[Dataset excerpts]
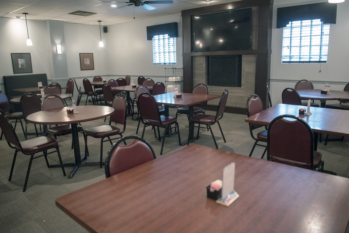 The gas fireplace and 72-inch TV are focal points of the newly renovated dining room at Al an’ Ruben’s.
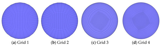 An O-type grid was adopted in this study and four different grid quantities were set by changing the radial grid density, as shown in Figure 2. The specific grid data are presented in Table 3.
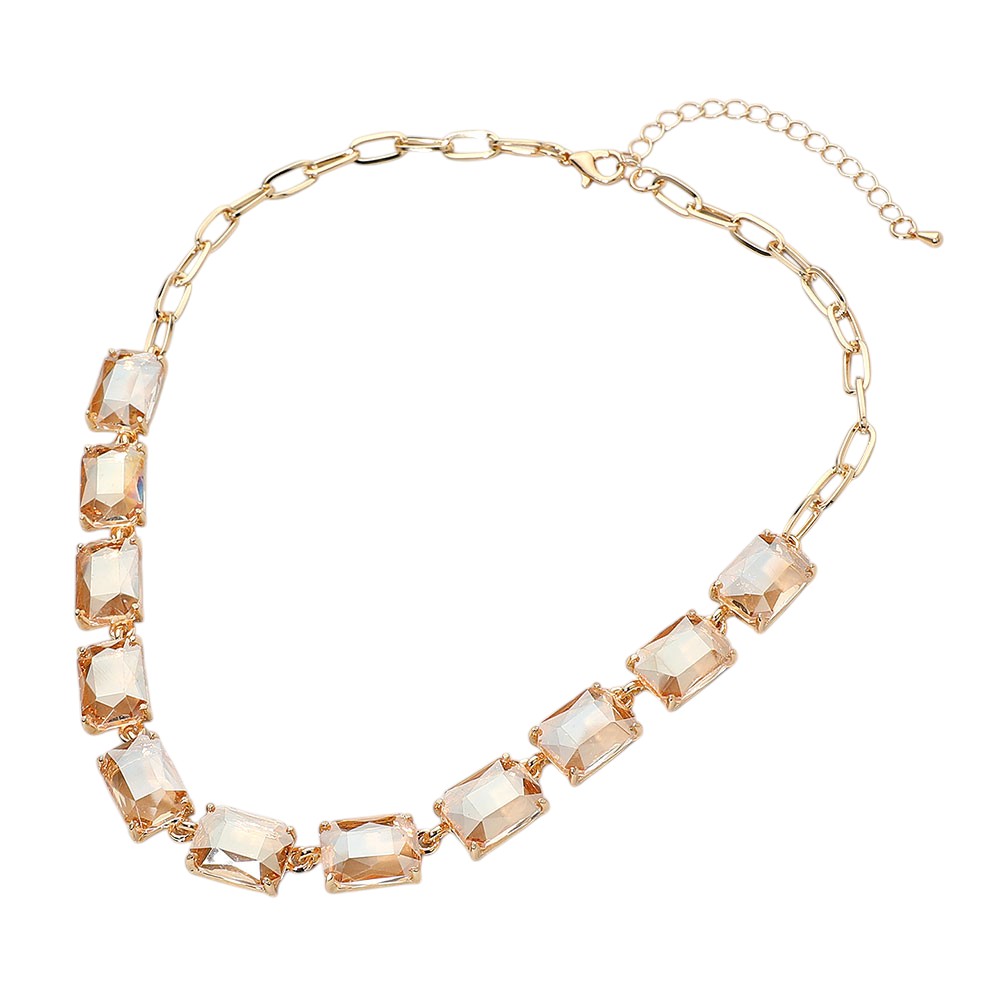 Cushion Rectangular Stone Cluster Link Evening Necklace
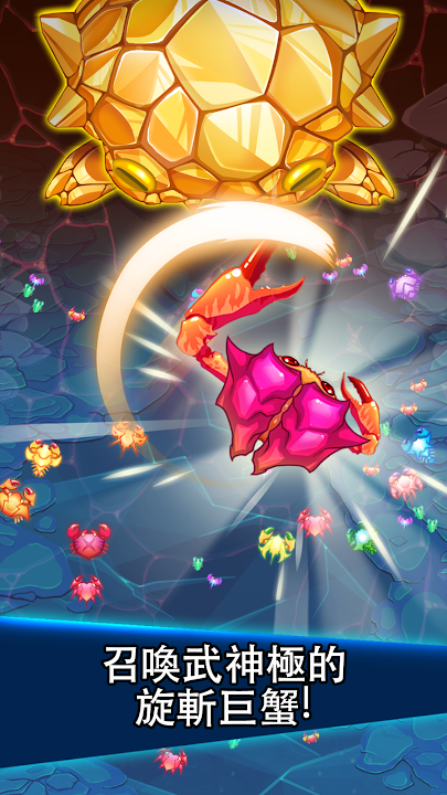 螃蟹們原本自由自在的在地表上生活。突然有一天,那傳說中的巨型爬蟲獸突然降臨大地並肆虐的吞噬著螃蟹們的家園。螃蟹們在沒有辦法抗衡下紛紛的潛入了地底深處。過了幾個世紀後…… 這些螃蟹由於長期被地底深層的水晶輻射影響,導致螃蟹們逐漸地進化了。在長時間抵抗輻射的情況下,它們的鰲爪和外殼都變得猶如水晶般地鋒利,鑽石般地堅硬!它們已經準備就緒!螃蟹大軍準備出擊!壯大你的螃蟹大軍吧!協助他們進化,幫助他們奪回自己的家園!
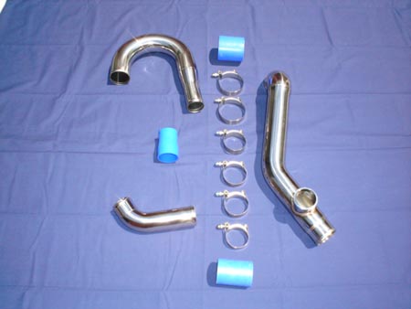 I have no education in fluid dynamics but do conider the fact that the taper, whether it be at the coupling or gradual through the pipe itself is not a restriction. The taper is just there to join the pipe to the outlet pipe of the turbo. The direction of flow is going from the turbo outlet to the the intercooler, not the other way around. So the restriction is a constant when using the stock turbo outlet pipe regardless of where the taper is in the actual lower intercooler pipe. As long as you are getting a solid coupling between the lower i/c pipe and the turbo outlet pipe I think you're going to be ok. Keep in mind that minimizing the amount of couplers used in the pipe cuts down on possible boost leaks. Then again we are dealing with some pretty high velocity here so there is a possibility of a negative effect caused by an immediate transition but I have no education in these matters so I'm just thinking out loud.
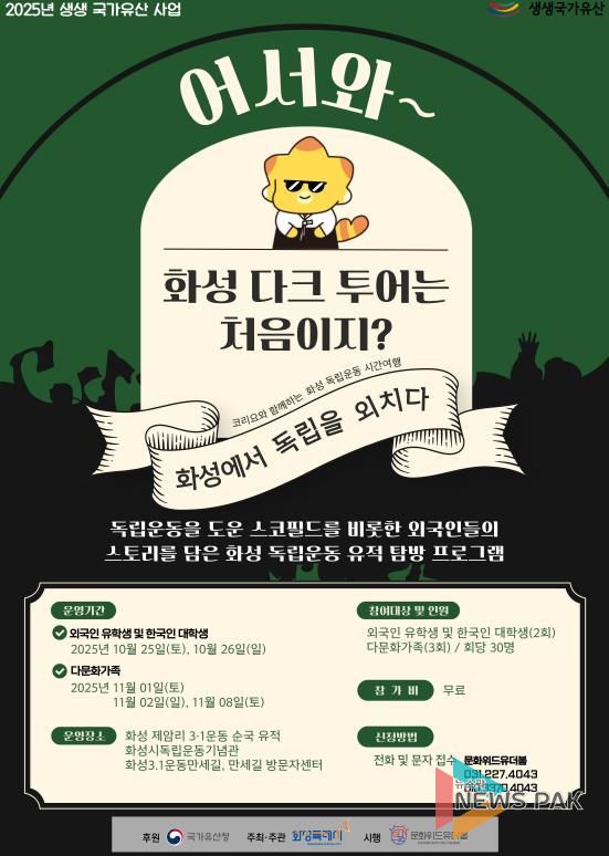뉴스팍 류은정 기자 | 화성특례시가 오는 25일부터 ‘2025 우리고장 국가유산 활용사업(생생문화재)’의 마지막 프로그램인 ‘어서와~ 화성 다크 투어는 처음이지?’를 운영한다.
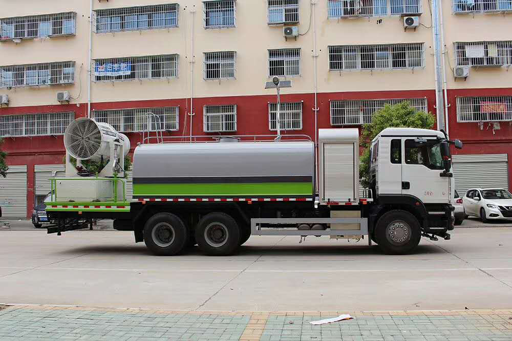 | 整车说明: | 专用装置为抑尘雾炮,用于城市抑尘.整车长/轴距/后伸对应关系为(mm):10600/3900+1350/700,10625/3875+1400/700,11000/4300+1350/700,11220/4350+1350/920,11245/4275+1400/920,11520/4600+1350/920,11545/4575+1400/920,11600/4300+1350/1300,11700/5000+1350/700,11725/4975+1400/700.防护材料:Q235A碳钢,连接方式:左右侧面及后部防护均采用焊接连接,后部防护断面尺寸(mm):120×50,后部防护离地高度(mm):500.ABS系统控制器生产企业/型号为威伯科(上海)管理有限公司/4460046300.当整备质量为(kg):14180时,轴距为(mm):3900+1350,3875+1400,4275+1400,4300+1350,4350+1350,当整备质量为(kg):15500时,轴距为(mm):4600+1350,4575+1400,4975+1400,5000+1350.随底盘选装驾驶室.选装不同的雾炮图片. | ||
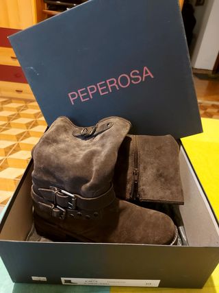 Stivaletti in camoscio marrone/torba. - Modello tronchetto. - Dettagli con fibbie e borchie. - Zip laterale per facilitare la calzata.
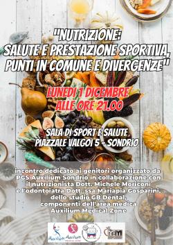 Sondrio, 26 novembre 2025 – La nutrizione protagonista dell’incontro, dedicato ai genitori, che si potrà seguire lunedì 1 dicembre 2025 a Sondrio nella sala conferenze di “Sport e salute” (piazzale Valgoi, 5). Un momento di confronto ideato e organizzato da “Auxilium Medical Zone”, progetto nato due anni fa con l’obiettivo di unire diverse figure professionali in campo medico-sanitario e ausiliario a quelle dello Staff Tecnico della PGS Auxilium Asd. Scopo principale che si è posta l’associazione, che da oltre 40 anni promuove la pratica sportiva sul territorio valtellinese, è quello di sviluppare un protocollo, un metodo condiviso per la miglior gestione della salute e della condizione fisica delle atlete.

Description of the task: The answer must be the lines above from the one containing "An O-type grid" through the one containing "螃蟹們原本自由自在的在地表上", reproduced exactly, with no pictures and nothing else.

Your response:
 An O-type grid was adopted in this study and four different grid quantities were set by changing the radial grid density, as shown in Figure 2. The specific grid data are presented in Table 3.
 Cushion Rectangular Stone Cluster Link Evening Necklace
 螃蟹們原本自由自在的在地表上生活。突然有一天,那傳說中的巨型爬蟲獸突然降臨大地並肆虐的吞噬著螃蟹們的家園。螃蟹們在沒有辦法抗衡下紛紛的潛入了地底深處。過了幾個世紀後…… 這些螃蟹由於長期被地底深層的水晶輻射影響,導致螃蟹們逐漸地進化了。在長時間抵抗輻射的情況下,它們的鰲爪和外殼都變得猶如水晶般地鋒利,鑽石般地堅硬!它們已經準備就緒!螃蟹大軍準備出擊!壯大你的螃蟹大軍吧!協助他們進化,幫助他們奪回自己的家園!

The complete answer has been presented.